RFK Center at United Nations First Forum on Minority Issues - Minorities and Right to Education
United Nations First Forum on Minority Issues - Minorities and Right to Education
Palais des Nations - Geneva 15 December 2008, Robert F. Kennedy Center for Justice and Human Rights Report, Statement by Marselha Gonçalves Margerin, Advocacy Director
On behalf of the Robert F. Kennedy Center for Justice and Human Rights (RFK Center) I would like to thank the UN Independent Expert on Minority Issues, Gay MacDougall and her colleagues of the Office of the High Commissioner of Human Rights for the initiative in realizing this first UN Forum on Minority Issues with focus on minorities and Right to Education.
I appreciate indeed the opportunity to make a brief presentation introducing the RFK Center Report on the state of Right to Education of Afro-descendant and Indigenous Peoples in the Americas and make some comments based on the Forum Draft Recommendations.

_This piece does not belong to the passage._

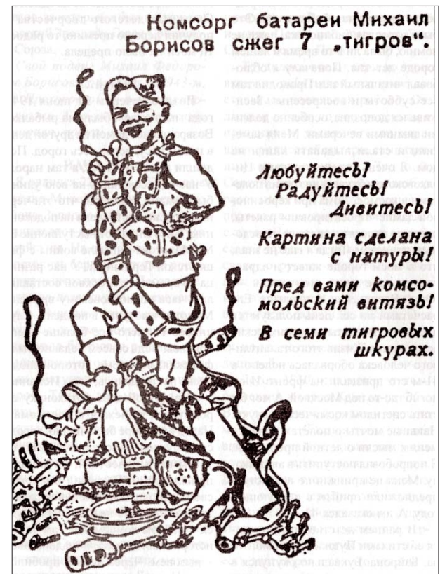
Шарж на солдата-героя. Газета “Комсомольская правда”, 1943 г.

Позже меня назначили наводчиком 82-мм миномёта. Я на всю жизнь полюбил этот вид оружия.

Formerly known as RFK Memorial, the RFK Center for Justice and Human Rights has been advocating for social justice as per former U.S. Senator Robert F. Kennedy ideals. Every year a human rights defender is awarded with the RFK Human Rights Award and the Center starts a partnership with that defenders. RFK Center has 38 human rights laureates from 22 countries.
RFK Center has partnered with its laureates from Guatemala, Colombia and Dominican Republic to present a comprehensive, multi-national report on the state of the right to education in the Americas that was originally prepared for a thematic hearing before the Inter-American Commission on Human Rights. (www.rfkcenter.org)
To craft such report, the RFK Center also worked together with other grassroots advocates as well as researchers from international human rights law clinics at Cornell Law School and the University of Virginia School of Law.
The information presented at the report was based on interviews with affected populations, community representatives and government officials in Guatemala, Colombia and Dominican Republic which were conducted over the past year and a half. Providing these country overviews represent only three examples of a larger regional problem pervasive throughout the Americas, it was not meant to reflect any bias against any particular country or countries.
The report examines countries national, regional and international obligations through a methodology that intersects the analyses of structural, process and outcome indicators and the Four-As Framework.
The findings in our report point that structural discrimination against migrant workers and their families, ethnic minorities and IDP population in which most cases are Afro-descendants, and against indigenous communities are not being effectively addressed by States and are depriving them of the most basic access that the right to education binds states to provide. E.g:
This brief summary of the report leads me to believe that the implementations of effective affirmative action policies to address structure discrimination that impacts access to quality education is an Essential Requirement for an Effective Education Strategy. Also, Report findings are related to denial of identity documents that prevents children from attending and completing school I would suggest adding to the recommendations that the lack of identity documents should not prevent school enrollment and accomplishment.
Comments on Draft Recommendations
"Education plays a formative role in socialization for democratic citizenship and represents an essential support for community identity. It is also a primary means by which individuals and communities can sustainably lift themselves out of poverty."
II. Core principles
"The right to education for all is grounded in universal and regional human rights instruments including instruments on minority rights and the rights of indigenous peoples. The core principles of international human rights are fully applicable to the right to education and should be faithfully implemented by States. These include the principles of equality and non-discrimination."
III. Essential requirements for an effective education strategy
IV. Equal Access to Quality Education for Minorities
"Authorities should remove direct institutional barriers to educational access for minorities, and address cultural and linguistic barriers that may have equivalent access-denying effects."
"Difficulties in school enrollment for displaced persons, migrant workers and their children or members of nomadic or semi-nomadic groups should be addressed in an active and constructive manner. Lack of documentation should not prevent school enrollment.